In this case, the subject of contention was the cancer drug Revlimid. It’s an expensive drug which, the manufacturer of it claims, can potentially increase the life expectancy of some patients by anything from months to a few years. For the individuals who would benefit from that, it is of course invaluable, however, with unprecedented access to the process of NICE’s decision making on whether to grant funding for this drug or not, we saw how difficult making the decision is.

However, one of the first things that occurred to me on hearing about the financial limits placed on the value of a year of life is that in the wake of the MPs expenses scandal being revealed in full, we know that millions of taxpayers’ pounds have been blithely paid out, seemingly without any checks on the validity of the claims, yet people were dying while awaiting approval by NICE for this drug. For some, approval came too late and one person who Wishart interviewed for the film, Julia, sadly died before she could take advantage of NICE’s ultimate decision to green light the drug.

Wishart approached the making of this film with sensitivity and a remarkable lack of bias; and he had every reason to be biased given that his own father died of cancer but in fact, he balanced the personal and emotive versus the detached points of view very well for this film.

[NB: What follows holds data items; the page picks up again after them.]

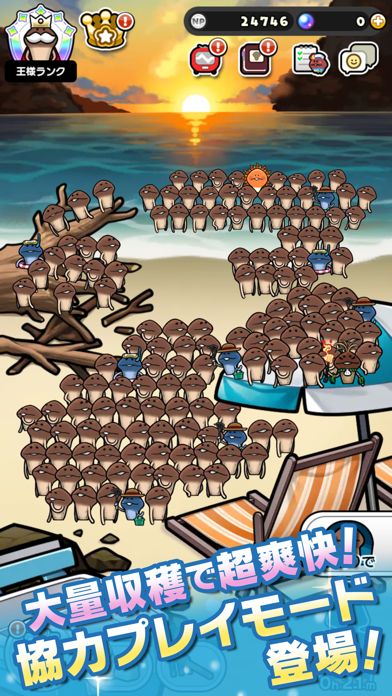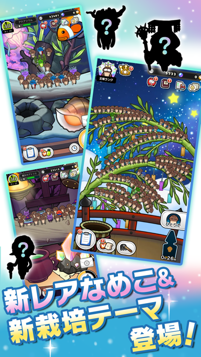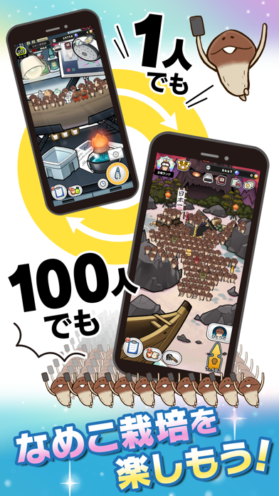 人気放置収穫ゲーム『なめこ栽培キット』が最大100人同時に楽しめます。一人でなめこを栽培して図鑑を埋める本来の遊び方はそのままに、協力イベント「みんなで栽培」が追加。協力プレイですが、みんなで収穫の喜びをシェアするゆるいもので気負わずに参加できます。イベントは定期的に入れ替わるので、終わりが来ません。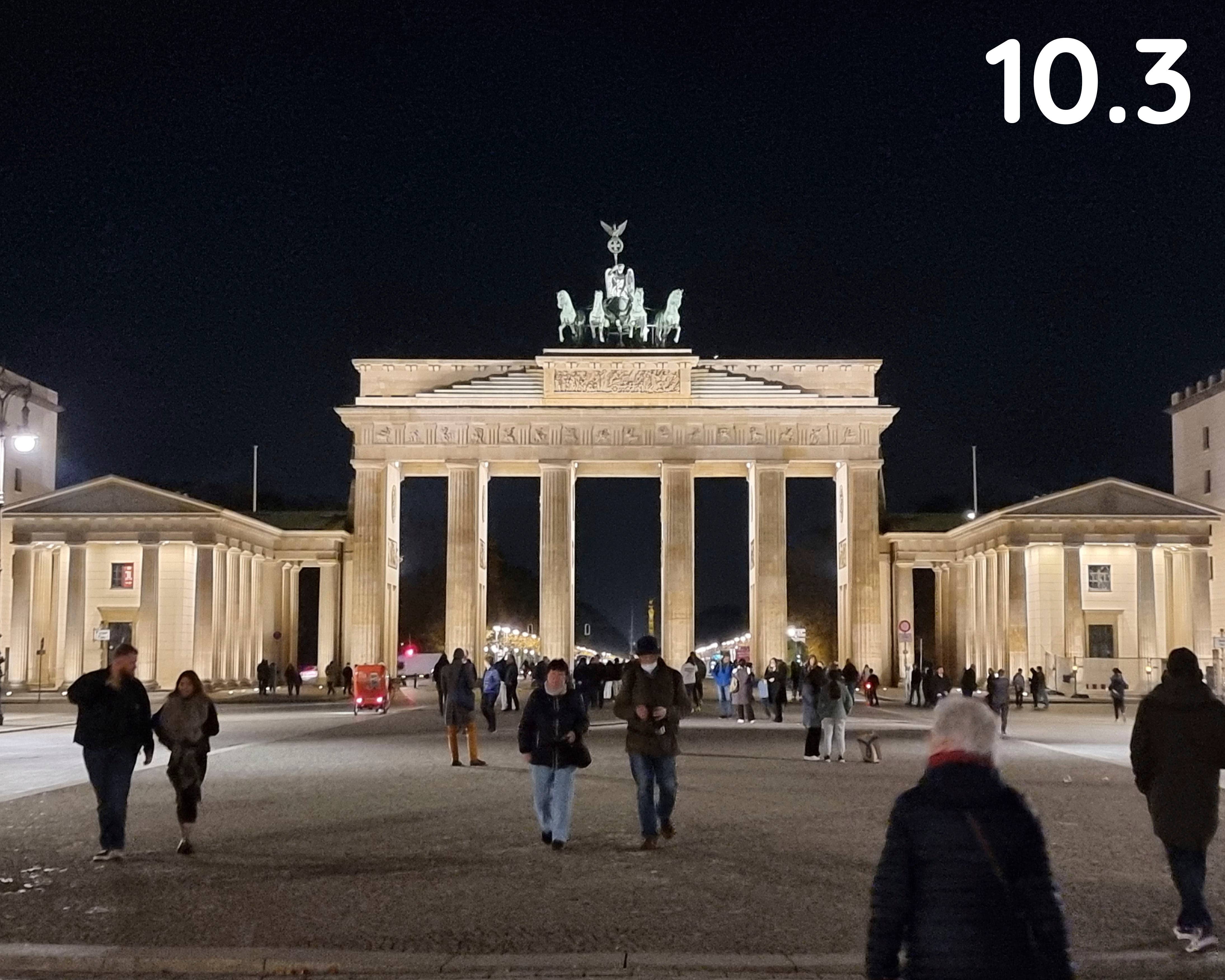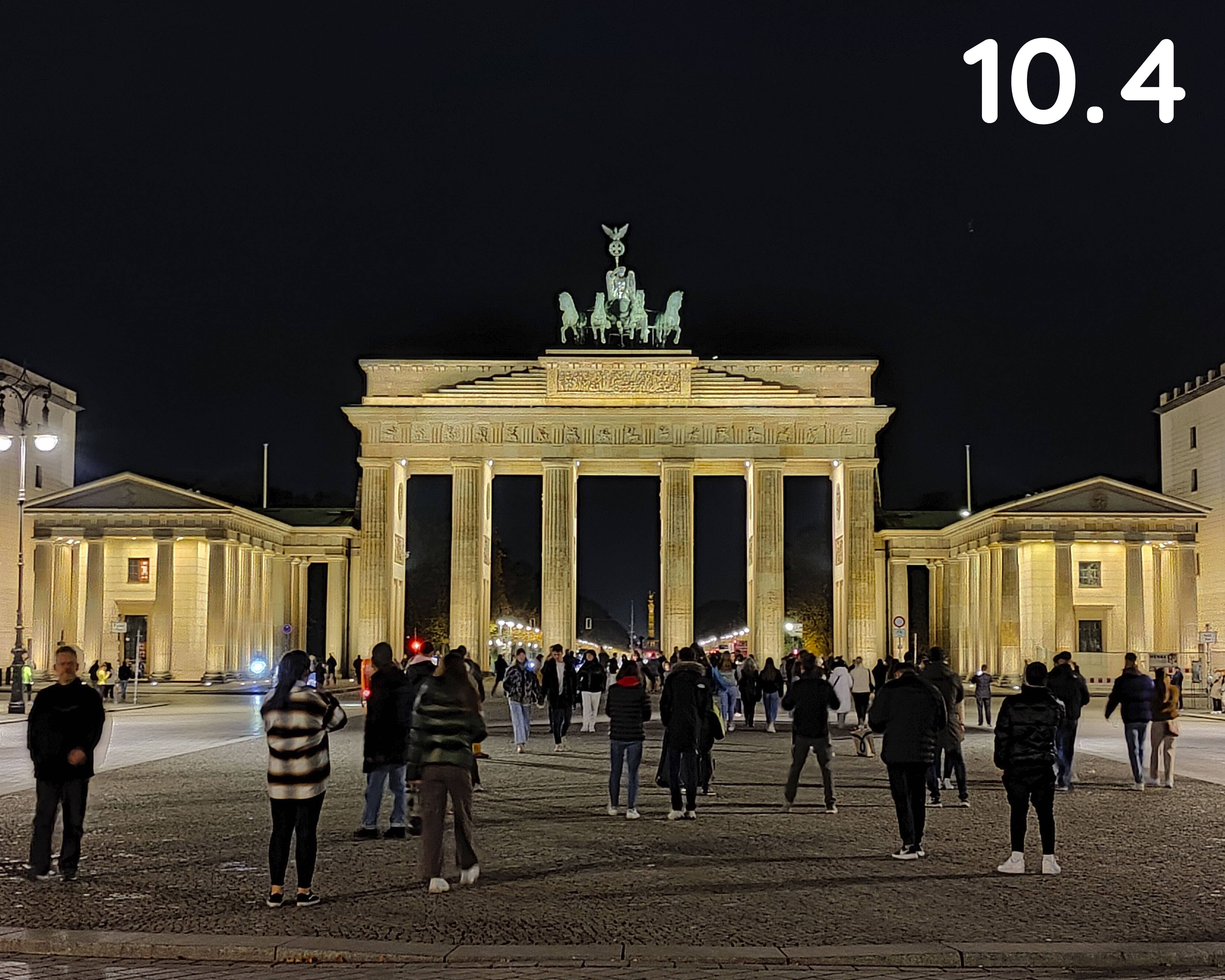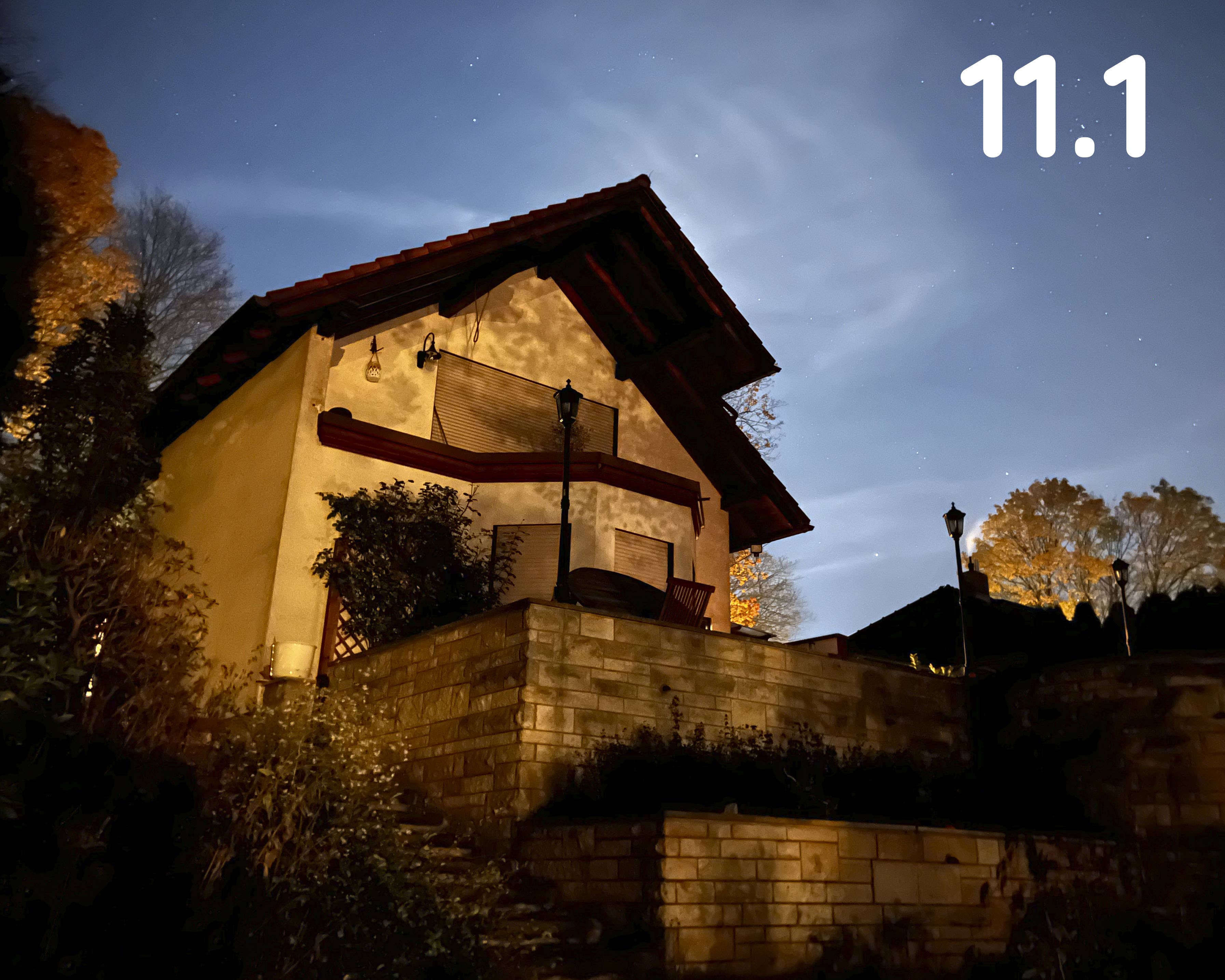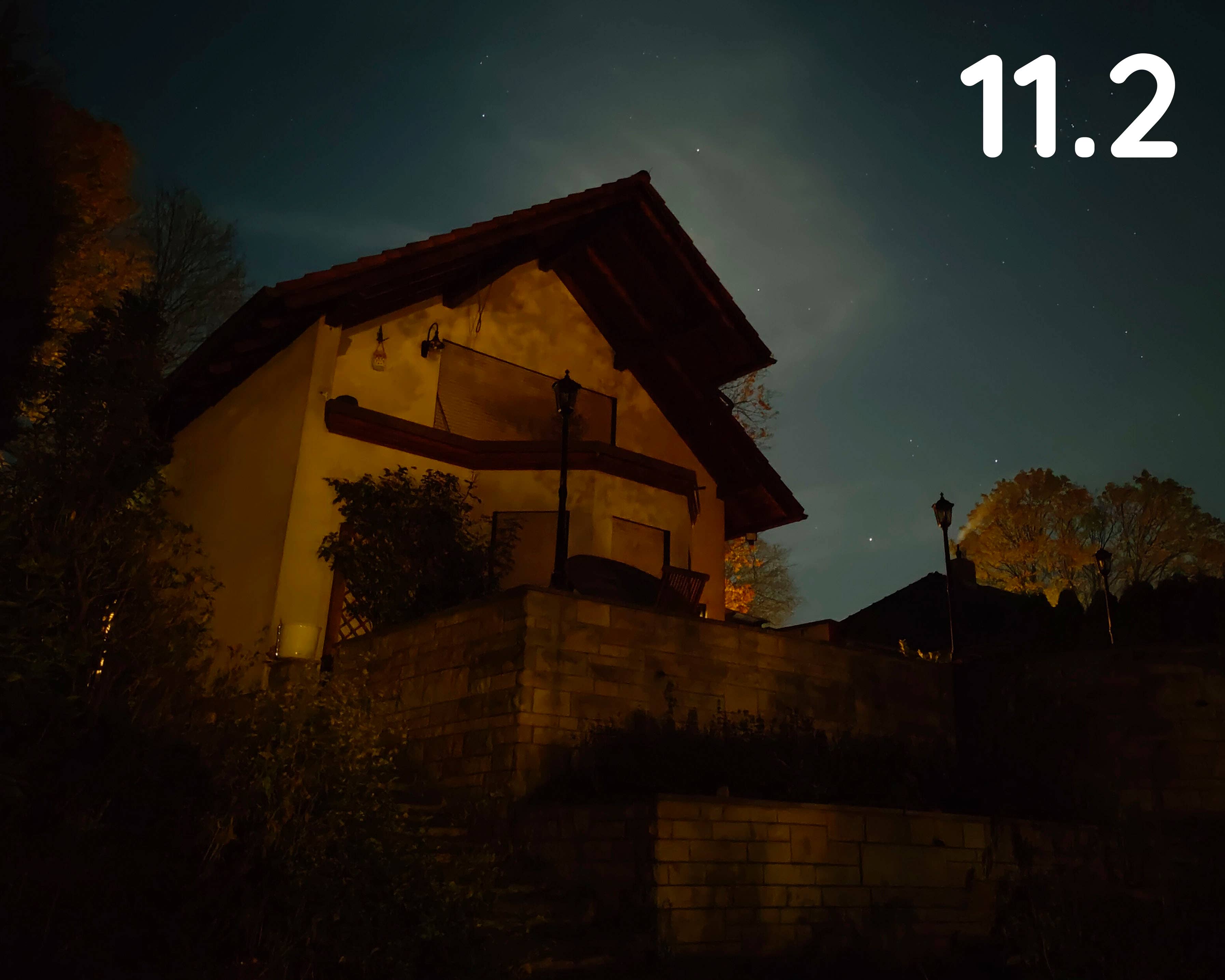 Last but not least we dive headlong into absolute darkness. With this blind test, it was so dark that I could hardly see where I was photographing through the optical viewfinder of the DSLR. The scenery is only illuminated by a couple of illuminated areas. It’s impressive how much better the smartphones all perform compared to the SLR, even if it is a bit more aged. We activated the night mode with maximum exposure time on all devices where available.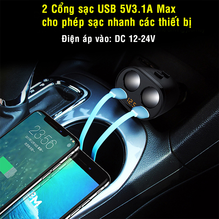 - Gồm 2 tẩu nguồn và 2 cổng sạc usb 5V3.1A (Max)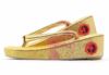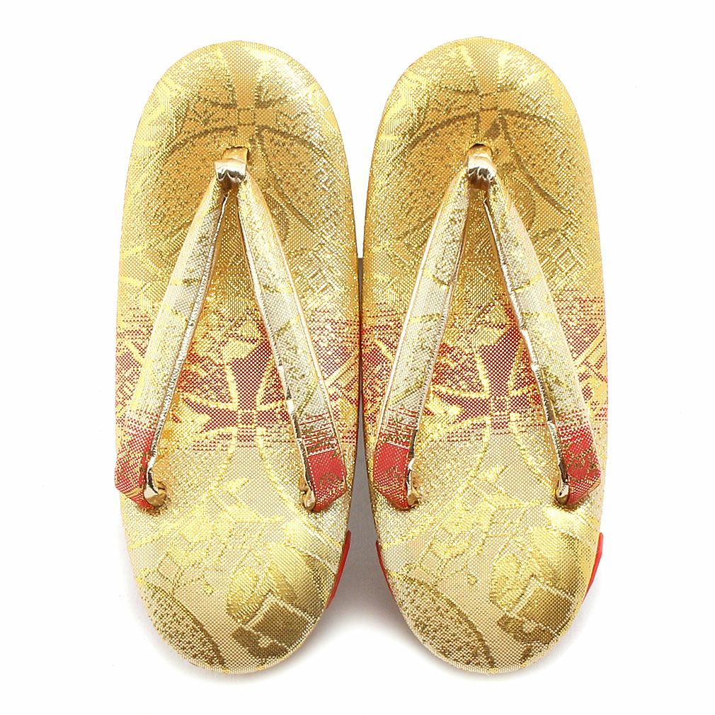 七五三参りやお祝い事にお使い頂ける、女の子用草履をご用意いたしました。 女の子の七五三の晴れ姿をより可愛らしく、着物姿を引き締めるのに欠かせない草履。 ゴールドから朱赤のグラデーションが美しく、散りばめられようにキラキラと光る模様が晴れ着姿をより華やかにします。 煌びやかな草履は、丁子や打ち出の小槌、七宝などが描かれており、お祝いの場に相応しいおめでたい柄付け。 草履には両側に鈴が仕込まれ、歩く度にチリンチリンと可愛らしく鳴ります。 柔らかなクッション加工が施されていますので、お子様の足に優しい作りです。 裏面はすべり止め付きで、お子様でも安心して履くことが出来ます。 七五三はもちろん、お正月や結婚のお祝いなど着物でのお出かけにご利用ください。 大人に一歩近づく、一生に一度の大切なお祝い。 お子様の晴れの日を、かわいらしい草履で、特別な思い出にお役立て下さい。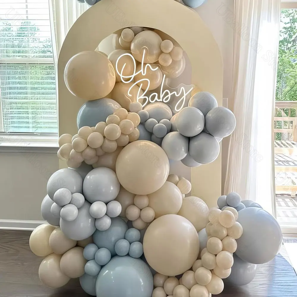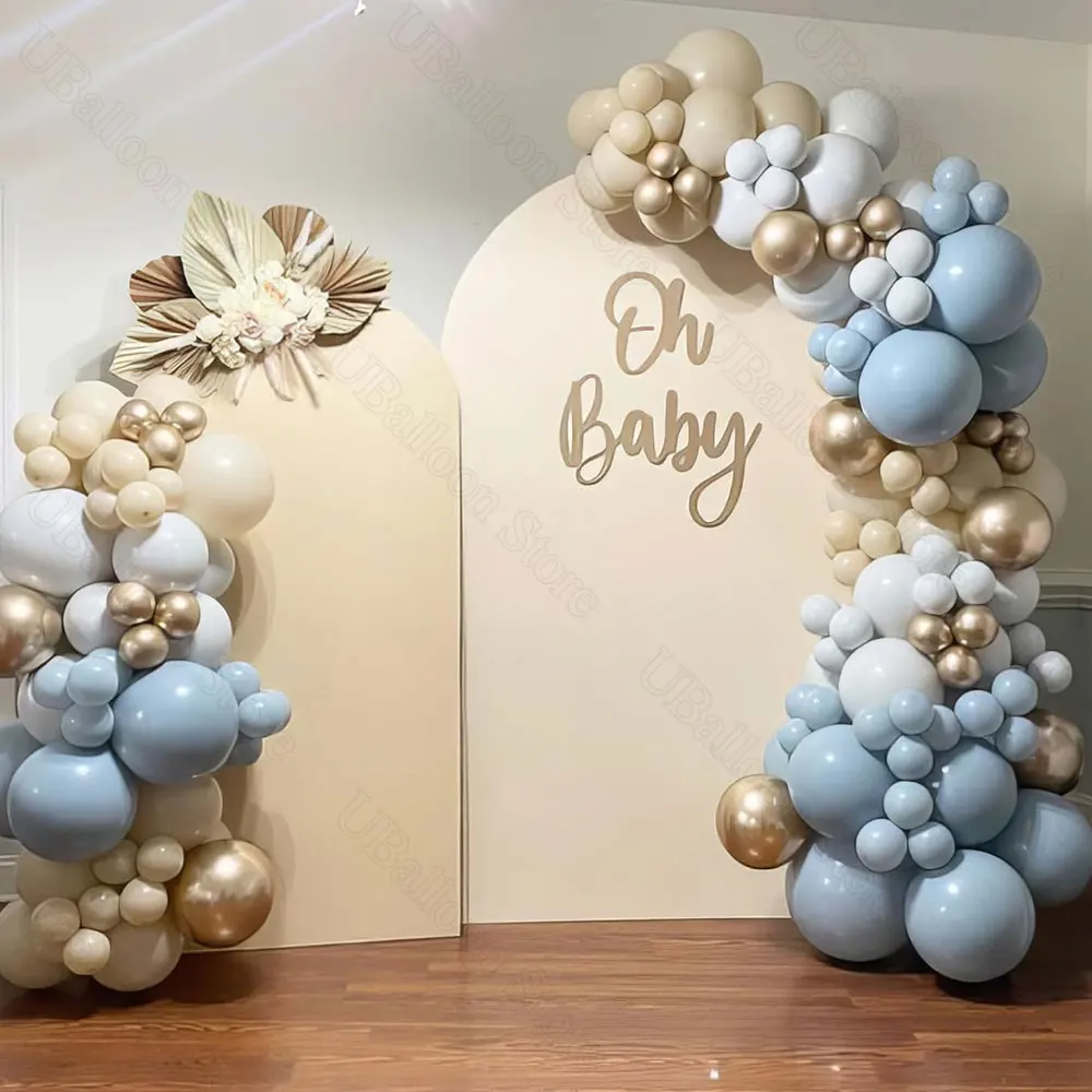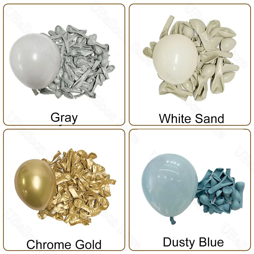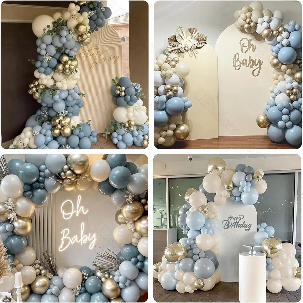Popxstar 40Pcs Dusty Blue Balloons for Baby shower Boho Gray White Sand Chome Gold Dusty Blue Baby Shower Balloons for Boy Birthday Decor

That said, the personal accounts were harrowing and it was hard to detach from the individuals to see the “bigger picture”. In addition to hearing from and about Julia, we also heard testimony from other patients such as Eric and Michael, who, along with their families and patient charities, have campaigned tirelessly to get this treatment which could extend sufferers lives. They all recognised that their cancers cannot be cured, and all they wanted was to extend their lives as long as possible.

On the other hand, NICE had to decide on the bigger picture and the ‘value’ of such an expensive drug when compared to a) its actual benefit to the patient and b) its value when looked at overall in terms of providing a service to the greatest number of people possible.

Of course one’s first instinct is to say, yes, it should be available to everyone who needs it – every drug should – and in an ideal world where there was infinite funding, it would be. However, this isn’t an ideal world and with contributions from fund managers and others charged with actually managing a finite pot of money in the best way possible, the dilemma and ultimate decision was an onerous one.

Especially when faced with what in some ways amounted to a pharmaceutical hostage situation. As was pointed out in the film, if there’s no limit on what can be spent on newly developed drugs, rather than reducing the cost of them to make them more widely available, drug manufacturers are in fact likely to do the opposite and charge more for them; if the money’s there to pay for it, regardless of cost, why shouldn’t they? They’re in it for profit just as any business is, so, if they did that, healthcare authorities the world over could find themselves bankrupted in their attempt to provide every drug that every person needs, irrespective of cost or benefit.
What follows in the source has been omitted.